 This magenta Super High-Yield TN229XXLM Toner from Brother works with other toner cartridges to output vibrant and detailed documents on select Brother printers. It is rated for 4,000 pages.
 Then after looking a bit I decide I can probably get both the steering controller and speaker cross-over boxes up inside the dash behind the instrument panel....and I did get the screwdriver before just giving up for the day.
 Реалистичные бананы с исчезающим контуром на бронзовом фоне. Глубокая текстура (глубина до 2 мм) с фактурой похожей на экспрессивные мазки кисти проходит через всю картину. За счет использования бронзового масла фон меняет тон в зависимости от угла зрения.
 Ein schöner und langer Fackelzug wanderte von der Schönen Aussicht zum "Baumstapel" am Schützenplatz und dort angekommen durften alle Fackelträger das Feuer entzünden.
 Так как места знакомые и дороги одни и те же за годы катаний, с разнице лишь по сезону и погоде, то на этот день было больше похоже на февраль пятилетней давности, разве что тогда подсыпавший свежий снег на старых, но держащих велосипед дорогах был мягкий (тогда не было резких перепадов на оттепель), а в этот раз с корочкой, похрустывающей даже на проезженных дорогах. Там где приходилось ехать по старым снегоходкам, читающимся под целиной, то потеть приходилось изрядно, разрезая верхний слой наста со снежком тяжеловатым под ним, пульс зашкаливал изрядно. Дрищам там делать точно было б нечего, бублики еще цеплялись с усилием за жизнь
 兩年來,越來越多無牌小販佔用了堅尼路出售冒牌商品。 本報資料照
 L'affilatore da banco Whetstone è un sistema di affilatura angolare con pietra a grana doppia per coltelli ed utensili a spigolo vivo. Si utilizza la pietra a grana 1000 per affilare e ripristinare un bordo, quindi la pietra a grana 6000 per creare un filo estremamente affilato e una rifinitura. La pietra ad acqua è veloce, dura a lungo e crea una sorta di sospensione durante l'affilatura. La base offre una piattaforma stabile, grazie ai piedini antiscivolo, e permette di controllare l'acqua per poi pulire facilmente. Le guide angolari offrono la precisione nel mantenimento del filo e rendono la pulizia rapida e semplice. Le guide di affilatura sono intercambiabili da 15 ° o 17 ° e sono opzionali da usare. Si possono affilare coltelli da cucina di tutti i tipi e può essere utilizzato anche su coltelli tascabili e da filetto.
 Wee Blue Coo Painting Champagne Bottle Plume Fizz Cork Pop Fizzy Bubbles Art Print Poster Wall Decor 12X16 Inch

+ + + +

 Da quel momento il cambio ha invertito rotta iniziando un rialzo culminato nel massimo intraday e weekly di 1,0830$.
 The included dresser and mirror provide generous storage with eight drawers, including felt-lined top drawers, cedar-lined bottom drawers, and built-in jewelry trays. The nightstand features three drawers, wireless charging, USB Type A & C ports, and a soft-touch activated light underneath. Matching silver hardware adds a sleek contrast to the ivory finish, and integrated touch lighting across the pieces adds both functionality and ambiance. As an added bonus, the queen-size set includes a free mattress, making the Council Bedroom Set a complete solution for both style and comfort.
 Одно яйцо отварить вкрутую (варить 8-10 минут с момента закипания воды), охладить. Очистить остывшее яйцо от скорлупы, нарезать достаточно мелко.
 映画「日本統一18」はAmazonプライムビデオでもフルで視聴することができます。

+ + + +

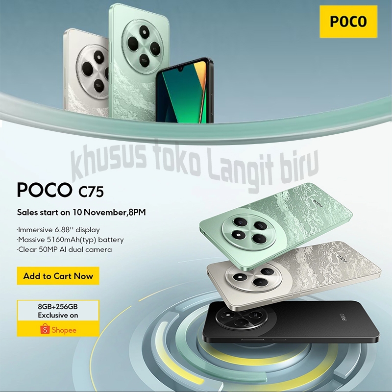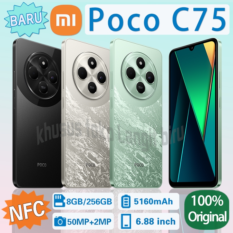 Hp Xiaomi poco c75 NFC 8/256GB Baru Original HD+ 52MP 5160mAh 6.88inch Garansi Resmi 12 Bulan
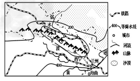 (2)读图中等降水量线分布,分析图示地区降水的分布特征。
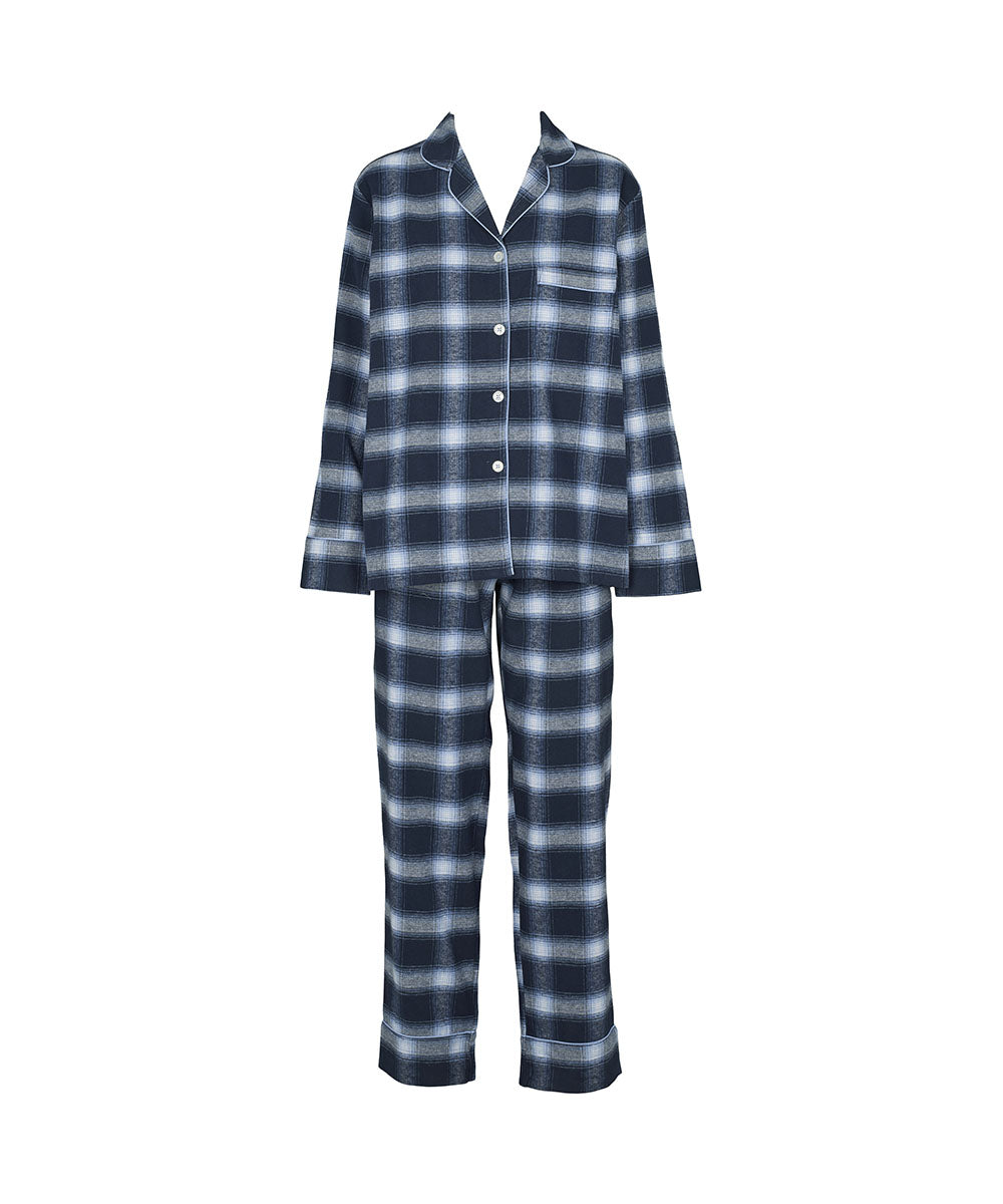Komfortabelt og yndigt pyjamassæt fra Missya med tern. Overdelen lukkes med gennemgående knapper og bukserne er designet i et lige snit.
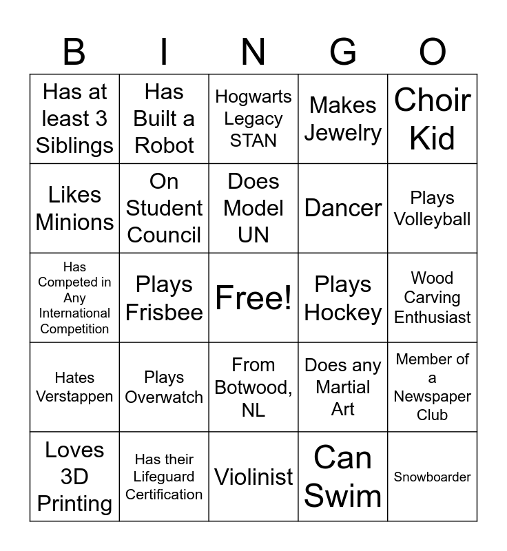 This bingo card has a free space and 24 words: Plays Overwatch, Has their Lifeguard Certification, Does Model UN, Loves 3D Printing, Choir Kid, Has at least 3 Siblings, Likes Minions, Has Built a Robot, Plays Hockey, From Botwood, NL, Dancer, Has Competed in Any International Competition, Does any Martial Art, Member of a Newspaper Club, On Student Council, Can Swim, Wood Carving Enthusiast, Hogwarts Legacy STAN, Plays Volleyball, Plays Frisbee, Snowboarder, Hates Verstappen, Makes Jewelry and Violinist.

+ + + +

EXERCISE INSTRUCTIONS: Reproduce only the lines above spanning from the line containing "Then after looking" through the line containing "兩年來,越來越多無牌小販佔用了堅尼路出售冒牌商品。 本報資料照", word for word.

SOLUTION TO THIS PROBLEM:
 Then after looking a bit I decide I can probably get both the steering controller and speaker cross-over boxes up inside the dash behind the instrument panel....and I did get the screwdriver before just giving up for the day.
 Реалистичные бананы с исчезающим контуром на бронзовом фоне. Глубокая текстура (глубина до 2 мм) с фактурой похожей на экспрессивные мазки кисти проходит через всю картину. За счет использования бронзового масла фон меняет тон в зависимости от угла зрения.
 Ein schöner und langer Fackelzug wanderte von der Schönen Aussicht zum "Baumstapel" am Schützenplatz und dort angekommen durften alle Fackelträger das Feuer entzünden.
 Так как места знакомые и дороги одни и те же за годы катаний, с разнице лишь по сезону и погоде, то на этот день было больше похоже на февраль пятилетней давности, разве что тогда подсыпавший свежий снег на старых, но держащих велосипед дорогах был мягкий (тогда не было резких перепадов на оттепель), а в этот раз с корочкой, похрустывающей даже на проезженных дорогах. Там где приходилось ехать по старым снегоходкам, читающимся под целиной, то потеть приходилось изрядно, разрезая верхний слой наста со снежком тяжеловатым под ним, пульс зашкаливал изрядно. Дрищам там делать точно было б нечего, бублики еще цеплялись с усилием за жизнь
 兩年來,越來越多無牌小販佔用了堅尼路出售冒牌商品。 本報資料照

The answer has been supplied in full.